Challenges to Setting Efficient Tolls and Road Prices

Setting the "right" toll for a targeted toll facility or network is straightforward in theory but often difficult in practice. First, setting tolls based on congestion, road damage, and other costs can be difficult, as the right prices are hard to determine and implement. Second, there is the potential conflict between the price that optimizes the use of the road or network and the price that generates sufficient revenue to pay for it, as the optimal price can vary over the life of the road.56

For targeted tolling and pricing, the most common tolling methods use a limited set of rates that do not vary by time of day and thus may not cover the full costs of system use. The cost of building, maintaining, and operating a road or network can be combined with information on traffic levels and theories on price elasticity, as well as other revenue goals and policies, to determine appropriate pricing. But setting pricing rates is politically challenging and incorporates a much greater range of issues than simple cost calculations. Some kinds of private participation may facilitate easier toll rate adjustments over time, but even concession arrangements typically include guidelines or restrictions on price setting.

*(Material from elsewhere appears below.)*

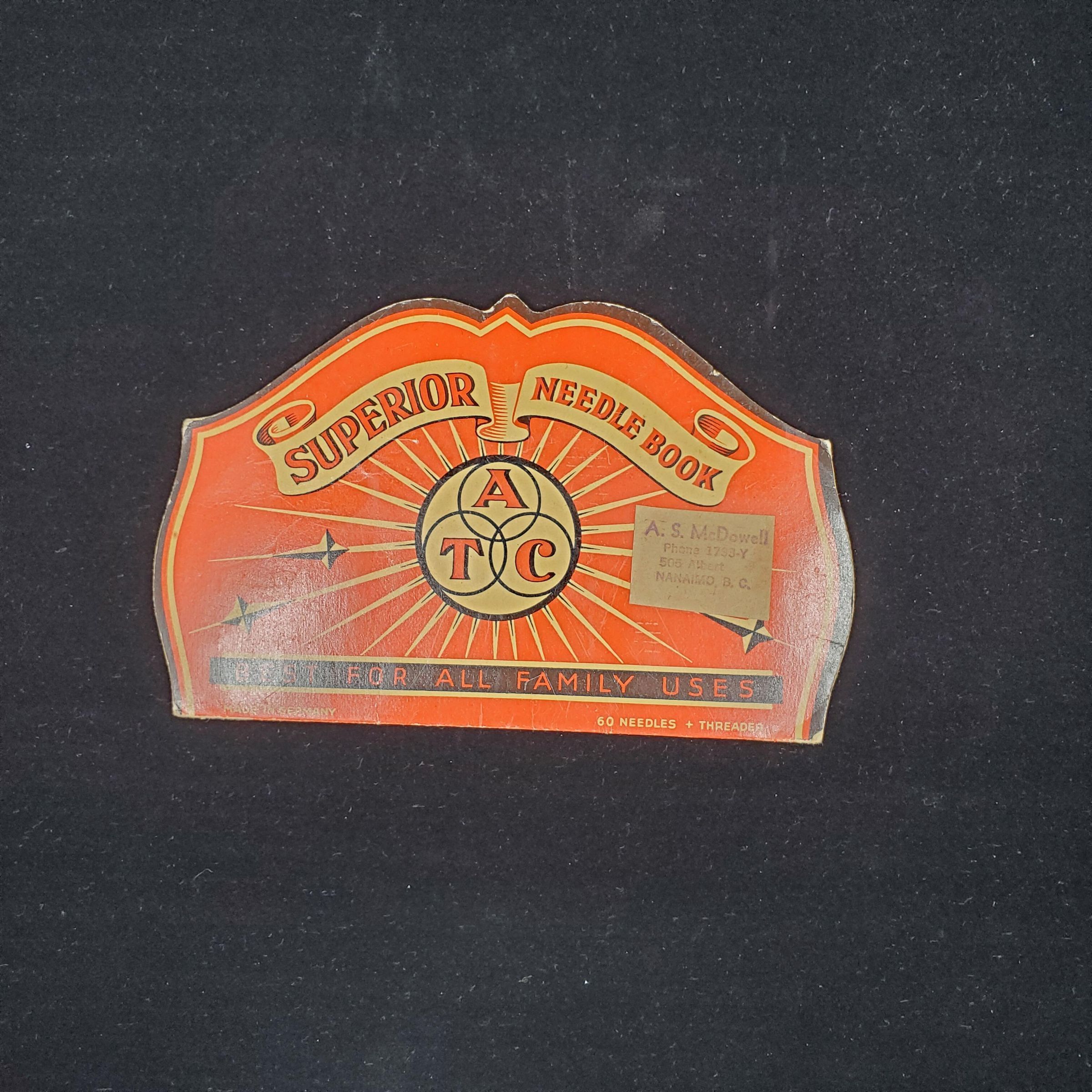 Lightweight cardboard needle book. Red-orange with white and black. Cover reads ÒSuperior -Needle Book Best For All Family Uses 60 needles + threader Made in England ATCÓ Inside - 6 foil backed areas for needles, 1 for threader. No threader.Seal of seller on book ÒA.S.McDowell Phone 1733-Y 505 Albert Nanaimo. B.C.Ó

Setting rates for a comprehensive road pricing system could present more challenges. Determining the optimal pricing system would require information on levels of congestion, its variation by location and time, and the amount of road damage a vehicle does. This in turn could lead to a complex set of prices that might be confusing to users. Prices set on this basis are not likely to generate exactly the revenue needed for maintenance and expansion of the existing system. Over time, the price signals could guide investment to bring these closer in line, but initial applications would likely be more problematic.

Identifying the optimal set of prices on a network is also complex and challenging. In particular, recent research indicates that setting the same price on all lanes of the same freeway may not be appropriate. A Brookings Institution report examined ways to set prices, recognizing that drivers are not homogenous. It identifies the so-called limited two-route HOT network as providing the highest consumer gain. This option calls for tolling all lanes but at two different toll levels (one free-flowing and one more congested), with carpools free in either lane.57 Extending these complications out to full road pricing would compound the complexity.

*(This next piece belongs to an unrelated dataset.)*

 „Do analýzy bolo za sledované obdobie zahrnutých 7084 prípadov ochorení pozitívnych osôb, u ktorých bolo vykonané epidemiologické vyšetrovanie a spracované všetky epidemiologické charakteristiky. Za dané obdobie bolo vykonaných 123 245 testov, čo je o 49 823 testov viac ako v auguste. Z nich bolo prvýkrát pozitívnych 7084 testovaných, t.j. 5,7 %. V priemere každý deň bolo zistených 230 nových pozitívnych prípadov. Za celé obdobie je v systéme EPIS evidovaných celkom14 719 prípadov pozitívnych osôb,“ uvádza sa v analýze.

In addition, some jurisdictions may be tempted to set prices on particular roads to maximize revenue from out-of-jurisdiction travelers. For example, if a road traverses only part of a state, has a high share of out-of-state travelers, and there are few if any alternative routes, state officials may be tempted to set prices higher there in order to maximize revenue from non-residents.

Another hurdle is the interplay of comprehensive charges that could be implemented at various government levels. Technology can allow simultaneous federal, state, and local mileage charges via the same platform, but administering the distribution of funds and operating costs for the system would be more complex than current targeted tolling systems.

In spite of these challenges, pricing does not have to be perfect to be successful. While charging optimal price levels will be difficult, pricing is highly likely to lead to more effective management of the road system and to generate revenues that are closer to costs than the current surface transportation funding system produces. As one analysis of real-world experience with road pricing stated: "There is enough knowledge on the monetary values of externals costs to start with pricing reform in the transport sector. The remaining gaps are being filled rapidly by ongoing research."58 While this statement may be overly dismissive of the challenges, costs, and complexities associated with implementing pricing, enough is known to move to the next level of planning for the introduction of comprehensive pricing in the United States at some point in the future.